In March 2006 the Portsmouth Abbey School installed a 660-kW V-47 turbine on Aquidneck Island.

===Portsmouth High School===
Installed in 2009, the Portsmouth High School turbine was the largest producer of electricity produced by wind power, until faltering in 2012. In 2014, the municipality voted to replace it. The replacement wind turbine came online in 2016. It is 88 meters tall and is rated at 1.5 MW capacity.

===Fields Point===
Brought on line in 2012, the three wind turbines at Fields Point in Providence are each rated at 1.5 mW. Manufactured by Goldwind USA, they each have 150 ft blades and height of 364 ft. Together, they supply about 40 to 50 percent of the electricity used by the Narragansett Bay Commission's (NBC) regional waste and storm water treatment facility.

===North Kingstown===
A single 413 ft turbine in North Kingstown came on line in 2012.

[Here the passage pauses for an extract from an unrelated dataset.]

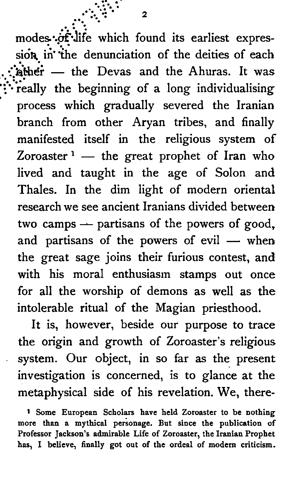 To Zoroaster—the ancient sage of Iran—must always be assigned the first place in the intellectual history of Iranian Aryans who, wearied of constant roaming, settled down to an agricultural life at a time when the Vedic Hymns were still being composed in the plains of Central Asia. This new mode of life and the consequent stability of the institution of property among the settlers, made them hated by other Aryan tribes who had not yet shaken off their original nomadic habits, and occasionally plundered their more civilised kinsmen. Thus grew up the conflict between the two [Pg 2] modes of life which found its earliest expression in the denunciation of the deities of each other—the Devas and the Ahuras. It was really the beginning of a long individualising process which gradually severed the Iranian branch from other Aryan tribes, and finally manifested itself in the religious system of Zoroaster[2:1]—the great prophet of Iran who lived and taught in the age of Solon and Thales. In the dim light of modern oriental research we see ancient Iranians divided between two camps—partisans of the powers of good, and partisans of the powers of evil—when the great sage joins their furious contest, and with his moral enthusiasm stamps out once for all the worship of demons as well as the intolerable ritual of the Magian priesthood.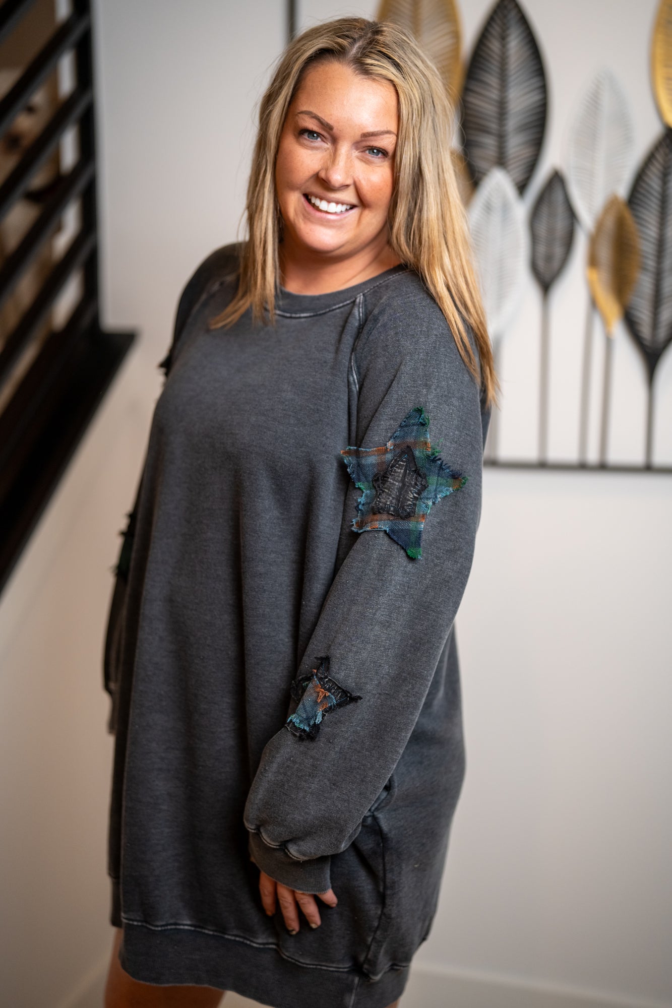 Featuring a classic crew neckline, knee-length silhouette, and side pockets for added functionality, it’s the perfect blend of comfort and style. The standout plaid star patch detail adds a playful, eye-catching touch that sets this dress apart.

===Block Island Wind Farm===
Construction for the Block Island Wind Farm began in 2015. It came online at the end of 2016.

==Statistics==
Rhode Island wind generation capacity by year
| |
| Megawatts of wind capacity |

==Proposals==
===Coventry===
Ten 1.5-megawatt turbines in Coventry have been proposed.

===East Bay Energy Consortium===
In 2009, the municipalities on the shores of the Easy Bay and Aquidneck & Conanicut Island formed an advisory group that worked through the legislative session of 2012 to build a wind-farm. The group consisted of professionals and community leaders, and sought to determine the viability of a wind-power facility in the hills of Tiverton near RI route 24 and the border with Fall River, Massachusetts. The group generated over two years of wind data from the Tiverton heights. The 10-turbine development project would have provided energy to the East Bay and islands directly via an agreement with National Grid. Legislation to establish a legal entity died in the Rhode Island General Assembly in 2012 over disagreements concerning state powers. Earlier in 2012, Apex Wind Energy competed in courting the City of Tiverton for use of the land, which included a proposed-but-never-built industrial park, and segments of Tiverton Water Department and North Tiverton Fire Department land.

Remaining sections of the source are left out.